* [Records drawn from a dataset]
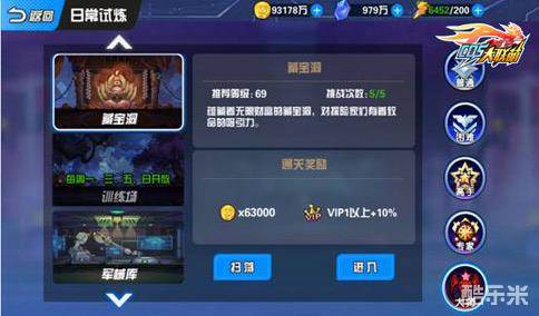 除了炼金以外,还可以通过挑战日常试炼玩法中的藏宝洞来获取大量金币。
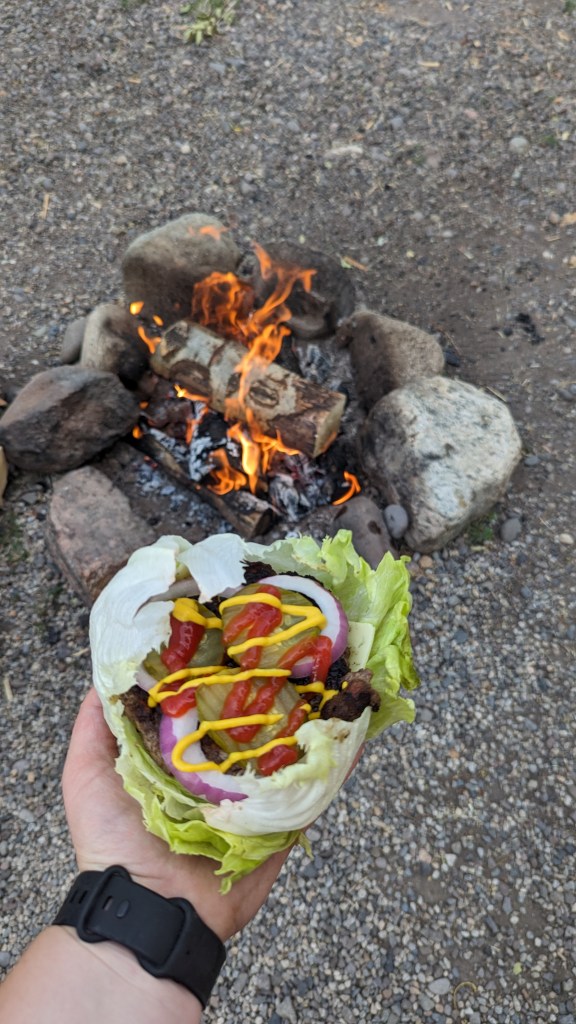 Cooking at this site was a challenge. The fire pit is a ring of shoe-sized rocks. I had to buy more firewood and was able to structure the firewood to hold my 12” cast iron skillet. Tonight’s menu was “unwich” hamburgers (I may have worked for Jimmy John’s in college). I used my cast iron to cook the burgers and even lined the bottom of my 8” cast iron skillet with foil and used it as a hamburger press! Delicious! I do love onions, pickles, ketchup, and mustard on my burger.
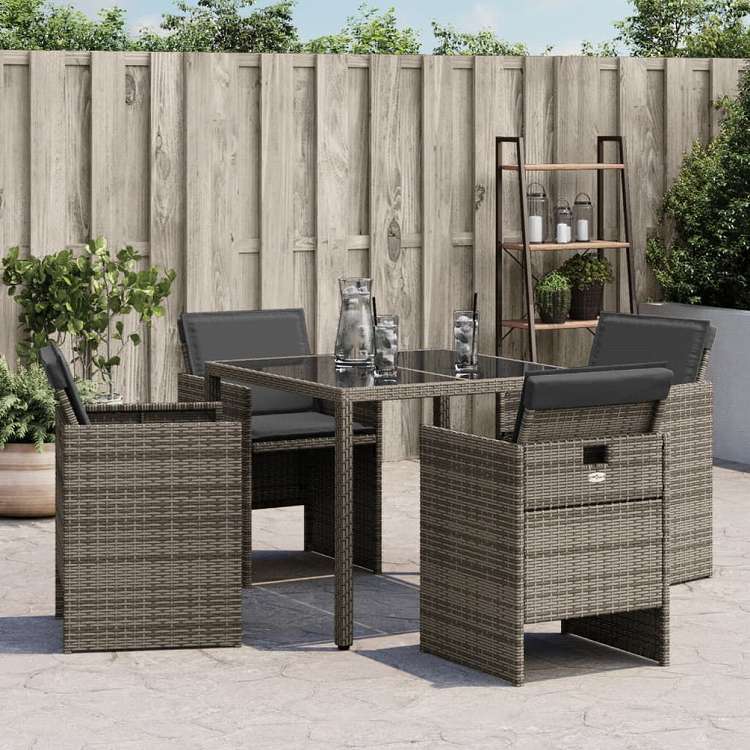 vidaXL ガーデンチェア クッション付き 4点 グレー ポリラタン家具 アウトドア家具 屋外椅子 アウトドアベンチチェア(代引不可)
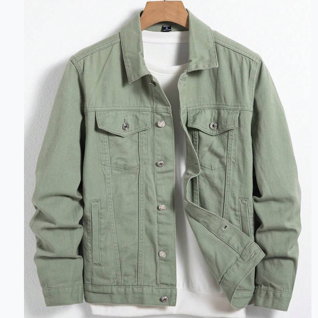 Olive Gray Cotton Denim Jacket for Men
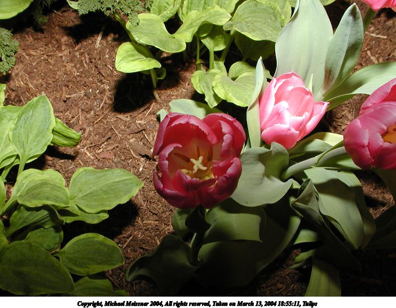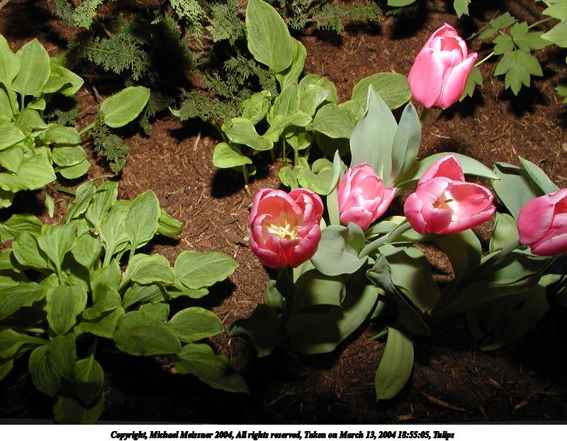 Picture #5: Tulips #3 800x623, 100,690 bytes (99K), (html file) Copyright, Michael Meissner 2004, All rights reserved Olympus C-2100UZ camera f/8.0, ISO 100, 1/125 sec, 9.9mm, shutter priority, SHQ, cloudy, matrix metering, macro 35mm equivalent focal length 55.0mm Taken by Michael Meissner on March 13, 2004 18:55:11 Last modified on March 28, 2004 at 20:42 Shutter speed of 1/125 or 1/250 may indicate use of flash |
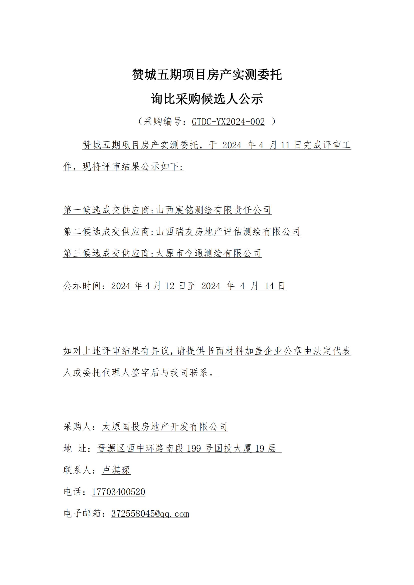 贊城五期項目房產(chǎn)實測委托評估詢比采購候選人公示
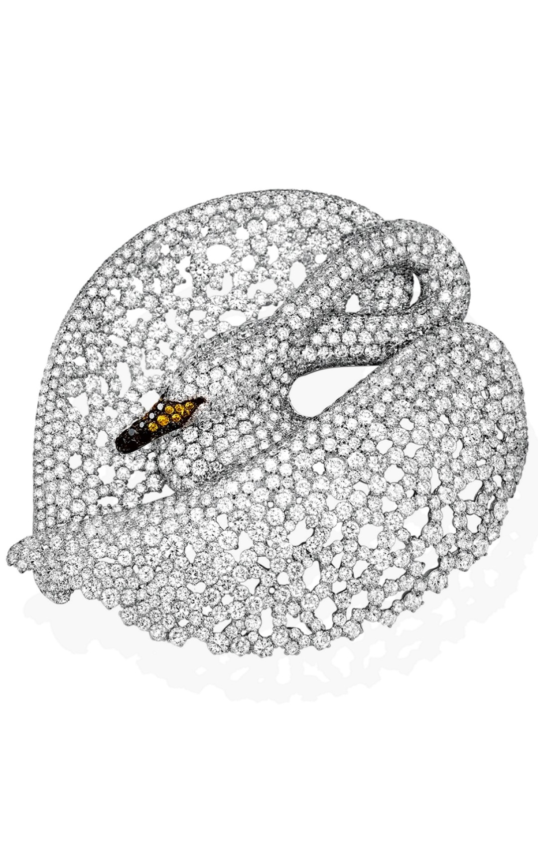 Лебединую верность этой броши хранить нетрудно: у 29 карат желтых сапфиров, белых и черных бриллиантов конкурентов быть не может.
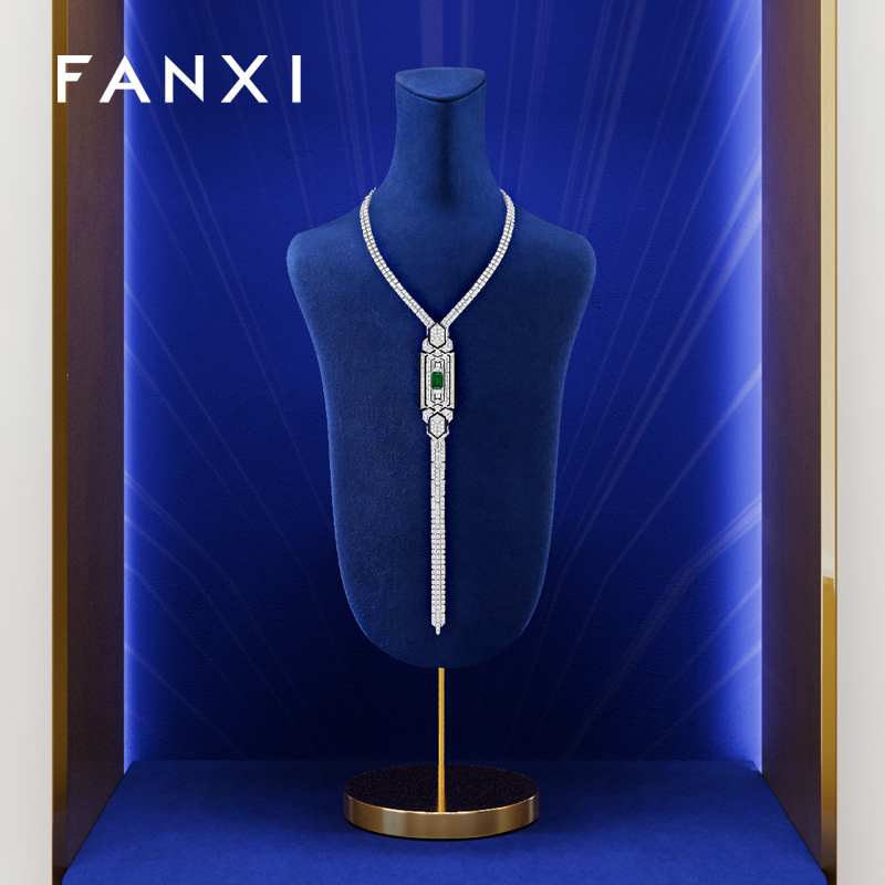 FANXI new arrival blue Microfiber necklace displays
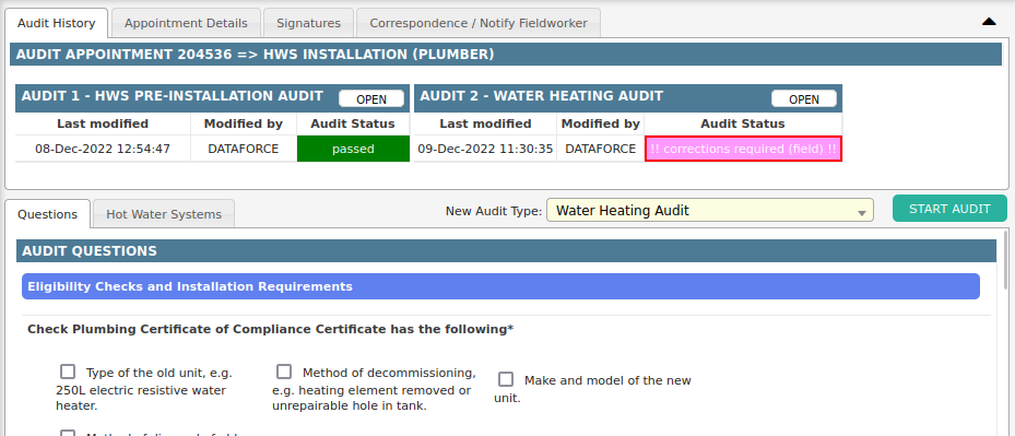 If the appointment has a passed compliance status and is yet to finish the mandatory audits, Dataforce ASAP will override the Pass status with Partial. It will be changed back when the last mandatory audit is finished.

* [About this exercise] Set the entries down exactly, but not the pictures.

* [Task answer]
 除了炼金以外,还可以通过挑战日常试炼玩法中的藏宝洞来获取大量金币。
 Cooking at this site was a challenge. The fire pit is a ring of shoe-sized rocks. I had to buy more firewood and was able to structure the firewood to hold my 12” cast iron skillet. Tonight’s menu was “unwich” hamburgers (I may have worked for Jimmy John’s in college). I used my cast iron to cook the burgers and even lined the bottom of my 8” cast iron skillet with foil and used it as a hamburger press! Delicious! I do love onions, pickles, ketchup, and mustard on my burger.
 vidaXL ガーデンチェア クッション付き 4点 グレー ポリラタン家具 アウトドア家具 屋外椅子 アウトドアベンチチェア(代引不可)
 Olive Gray Cotton Denim Jacket for Men
 Picture #5: Tulips #3 800x623, 100,690 bytes (99K), (html file) Copyright, Michael Meissner 2004, All rights reserved Olympus C-2100UZ camera f/8.0, ISO 100, 1/125 sec, 9.9mm, shutter priority, SHQ, cloudy, matrix metering, macro 35mm equivalent focal length 55.0mm Taken by Michael Meissner on March 13, 2004 18:55:11 Last modified on March 28, 2004 at 20:42 Shutter speed of 1/125 or 1/250 may indicate use of flash |
 贊城五期項目房產(chǎn)實測委托評估詢比采購候選人公示
 Лебединую верность этой броши хранить нетрудно: у 29 карат желтых сапфиров, белых и черных бриллиантов конкурентов быть не может.
 FANXI new arrival blue Microfiber necklace displays
 If the appointment has a passed compliance status and is yet to finish the mandatory audits, Dataforce ASAP will override the Pass status with Partial. It will be changed back when the last mandatory audit is finished.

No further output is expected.